If you are questioning the efficacy of flu shots or you would rather take natural protective measures, I have some more info on my website:
“Live Attenuated Influenza Vaccines SOURCE: CDC Website
Shedding, transmission, and stability of vaccine viruses: Data indicate that both children and adults vaccinated with LAIV can shed vaccine viruses after vaccination, although in lower amounts than occur typically with shedding of wild-type influenza viruses. Rarely, shed vaccine viruses can be transmitted from vaccine recipients to unvaccinated persons. However, serious illnesses have not been reported among unvaccinated persons who have been infected inadvertently with vaccine viruses. One study of 197 children aged 8 through 36 months in a child care center assessed transmissibility of vaccine viruses from 98 vaccinated children to the 99 unvaccinated children; 80% of vaccine recipients shed one or more virus strains (mean duration: 7.6 days). One influenza B vaccine virus strain isolate was recovered from a placebo recipient and was confirmed to be vaccine-type virus. The influenza B virus isolate retained the cold-adapted, temperature-sensitive, attenuated phenotype. The placebo recipient from whom the influenza B vaccine virus strain was isolated had symptoms of a mild upper respiratory illness. The estimated probability of acquiring vaccine virus after close contact with a single LAIV recipient in this population was 1%–2% (317).

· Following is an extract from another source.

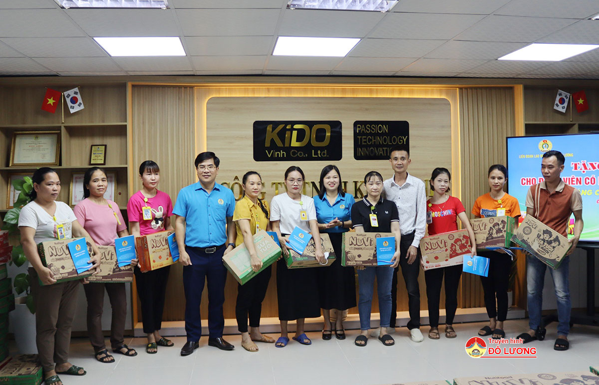 Tại Công ty KiDo đóng trên địa bàn xã Lạc Sơn, lãnh đạo LĐLĐ huyện cùng ông Nguyễn Đức Hùng- Giám đốc Công ty TNHH Hùng Minh đã trao 26 suất quà bao gồm 26 thùng sữa do Công ty TNHH Hùng Minh Phát tài trợ và 26 suất tiền mặt, mỗi suất 300.000 đồng do LĐLĐ huyện hỗ trợ.
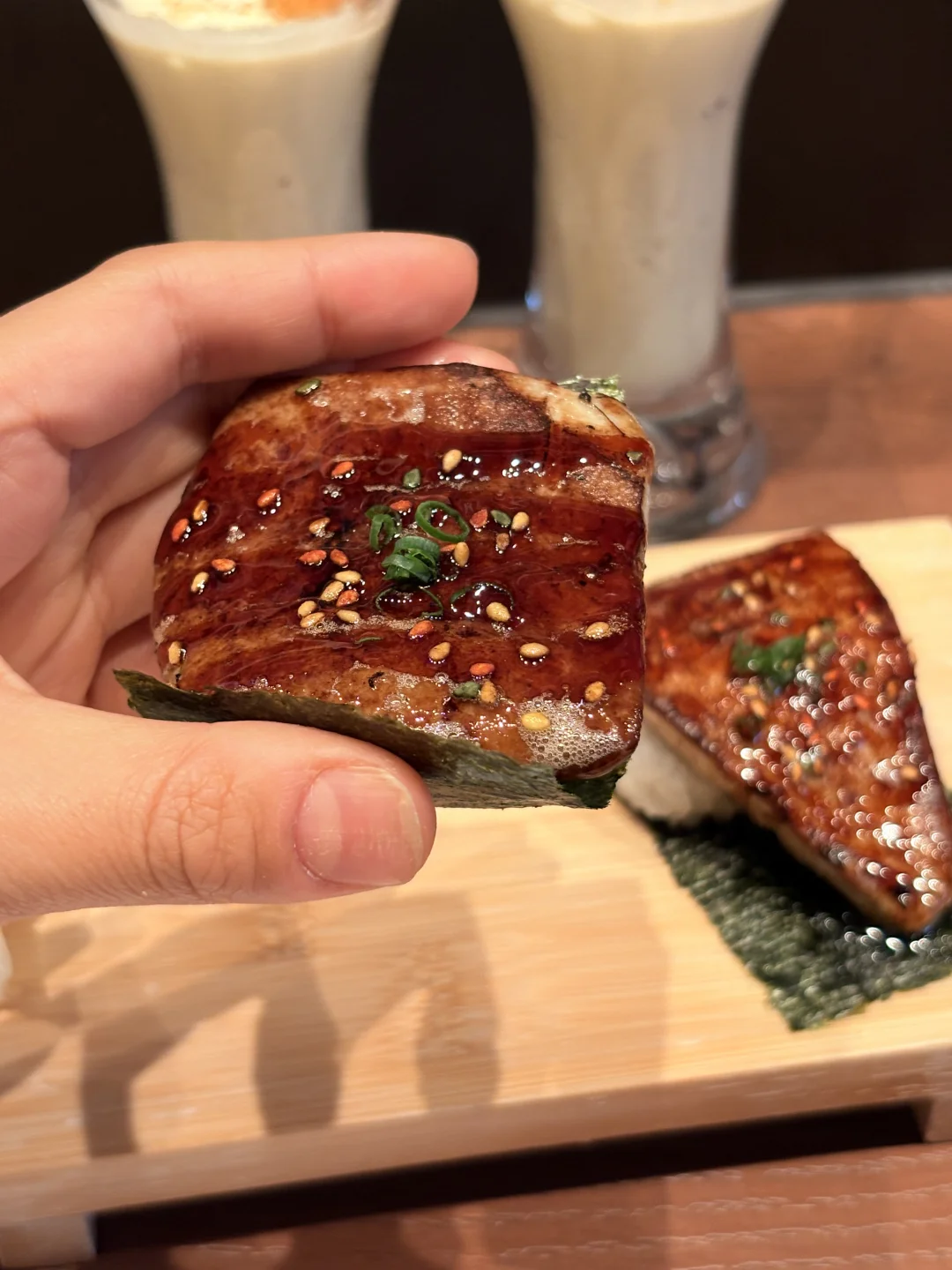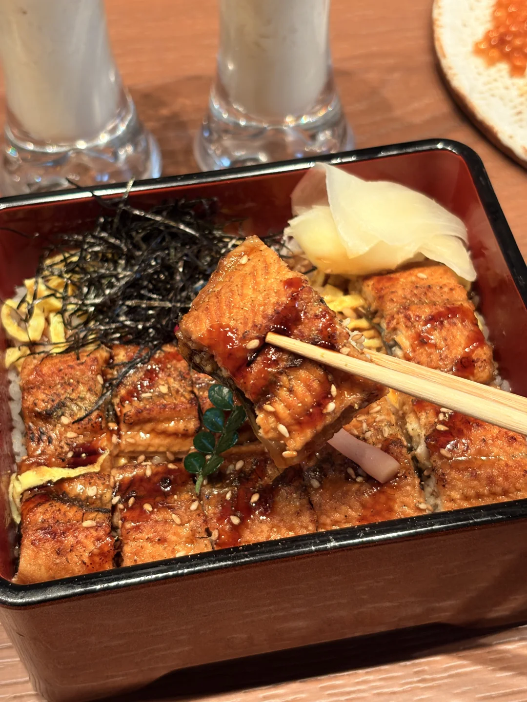 盒装也太精致了!薄薄一层醋饭+顺滑蛋丝,铺满软糯鳗鱼,淋上浓郁照烧汁,每一口都超入味~

Studies assessing shedding of vaccine virus have been based on viral cultures or RT-PCR detection of vaccine viruses in nasal aspirates from LAIV recipients. A study of 345 subjects aged 5 through 49 years who received LAIV indicated that 30% had detectable virus in nasal secretions obtained by nasal swabbing. The duration of virus shedding and the amount of virus shed was inversely correlated with age, and maximal shedding occurred within 2 days of vaccination. Symptoms reported after vaccination, including runny nose, headache, and sore throat, did not correlate with virus shedding (318). Other smaller studies have reported similar findings (319,320). In an open-label study of 200 children aged 6 through 59 months who received a single dose of LAIV, shedding of at least one vaccine virus was detected on culture in 79% of children, and was more common among the younger recipients (89% of children aged 6 through 23 months compared with 69% of children aged 24 through 59 months) (321). The incidence of shedding was highest on day 2 postvaccination. Mean duration of shedding was 2.8 days (3.0 days and 2.7 days for the younger and older age groups, respectively); shedding detected after 11 days postvaccination was uncommon and nearly all instances occurred among children aged 6 through 23 months (an age group for which LAIV is not licensed). Titers of shed virus were low (321). Vaccine virus was detected from nasal secretions in one (2%) of 57 HIV-infected adults who received LAIV compared with none of 54 HIV-negative participants (322), and in three (13%) of 24 HIV-infected children compared with seven (28%) of 25 children who were not HIV-infected (323).”